● **Given records**
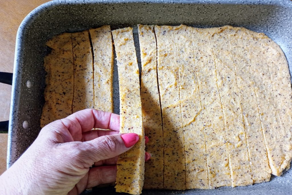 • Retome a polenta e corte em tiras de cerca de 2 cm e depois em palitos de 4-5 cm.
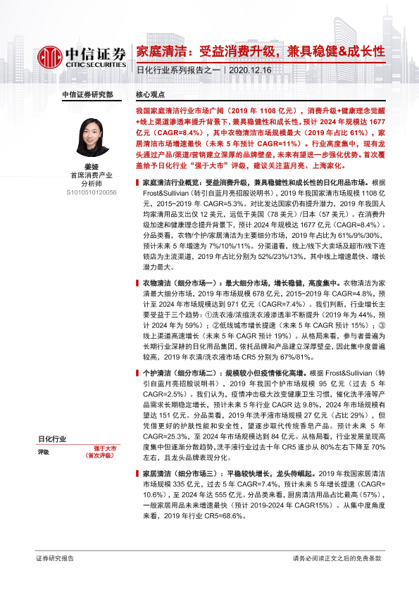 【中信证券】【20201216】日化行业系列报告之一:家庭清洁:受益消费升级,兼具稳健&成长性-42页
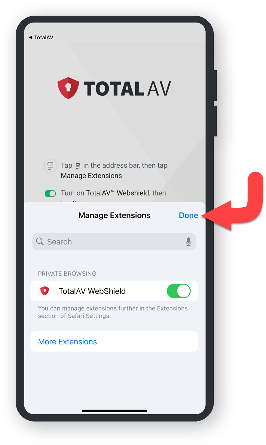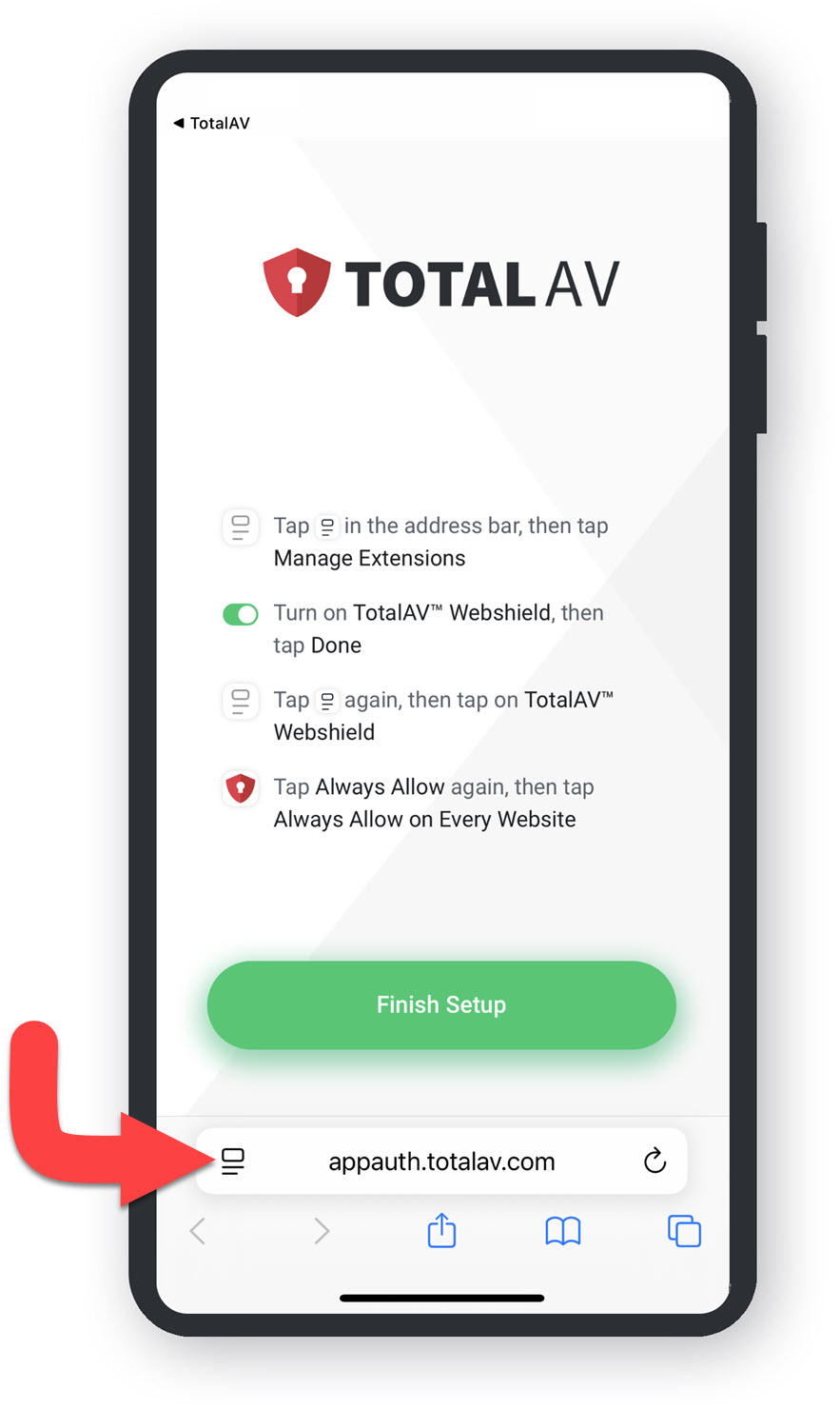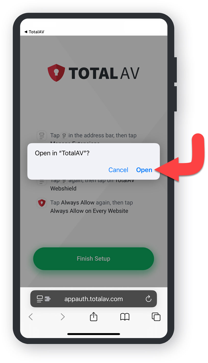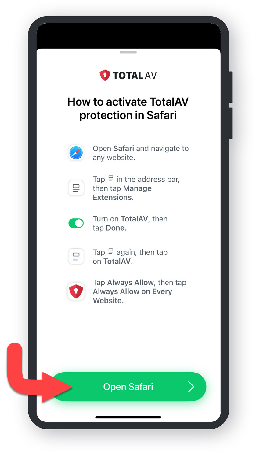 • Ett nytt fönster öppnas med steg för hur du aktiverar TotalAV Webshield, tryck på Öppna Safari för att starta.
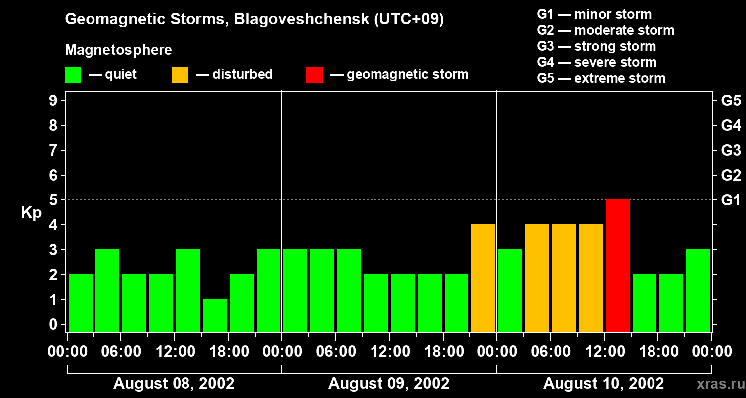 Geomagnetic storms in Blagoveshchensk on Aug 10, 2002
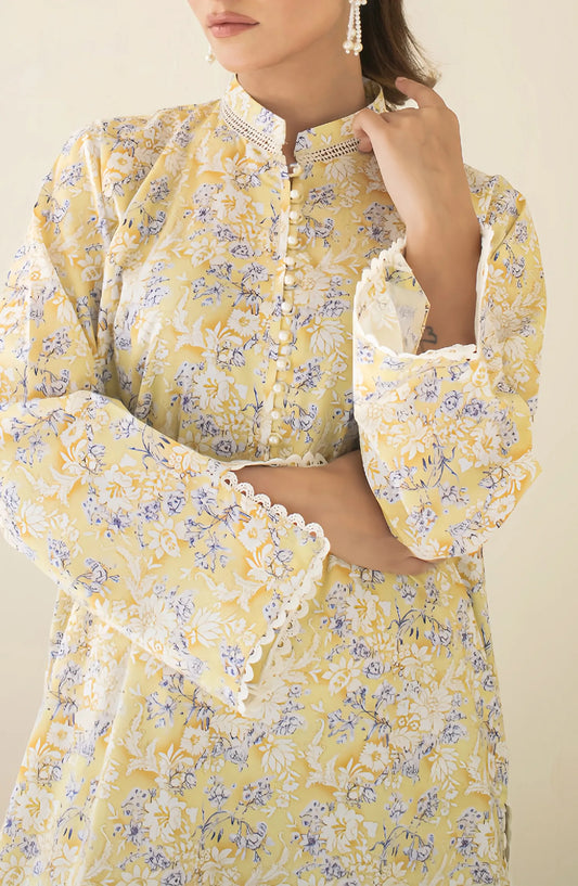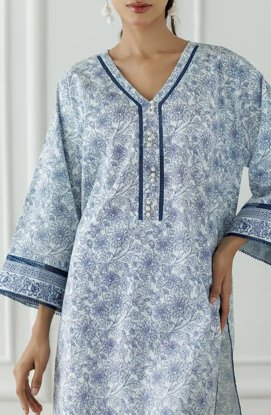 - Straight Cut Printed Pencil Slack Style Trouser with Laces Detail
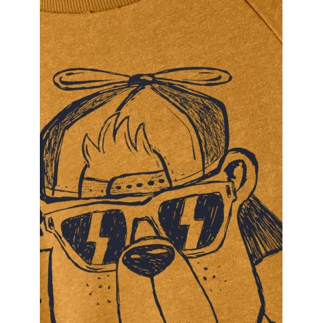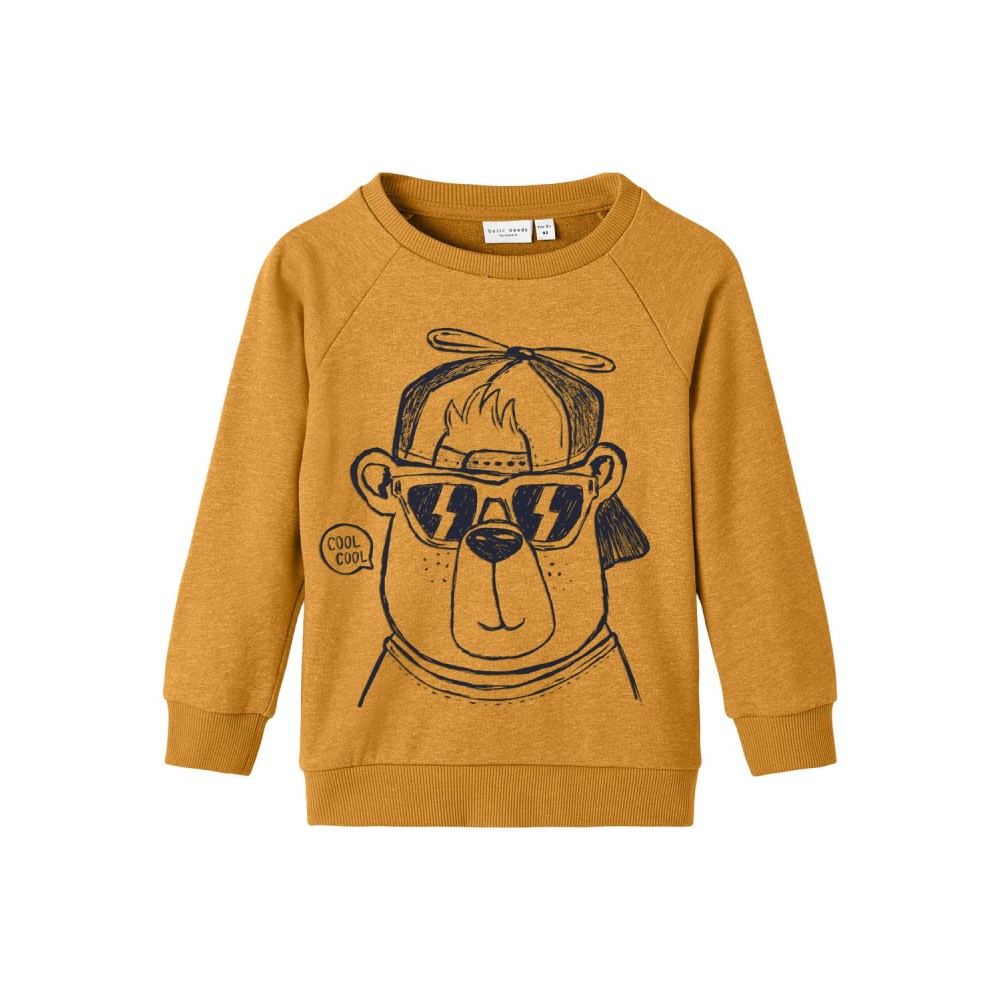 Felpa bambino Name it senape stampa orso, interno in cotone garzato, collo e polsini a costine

● **Problem description**
In your reply, please set down exactly the lines from the one containing "för att starta." through the end of the records, with the pictures left out.

● **Response**
 • Ett nytt fönster öppnas med steg för hur du aktiverar TotalAV Webshield, tryck på Öppna Safari för att starta.
 Geomagnetic storms in Blagoveshchensk on Aug 10, 2002
 - Straight Cut Printed Pencil Slack Style Trouser with Laces Detail
 Felpa bambino Name it senape stampa orso, interno in cotone garzato, collo e polsini a costine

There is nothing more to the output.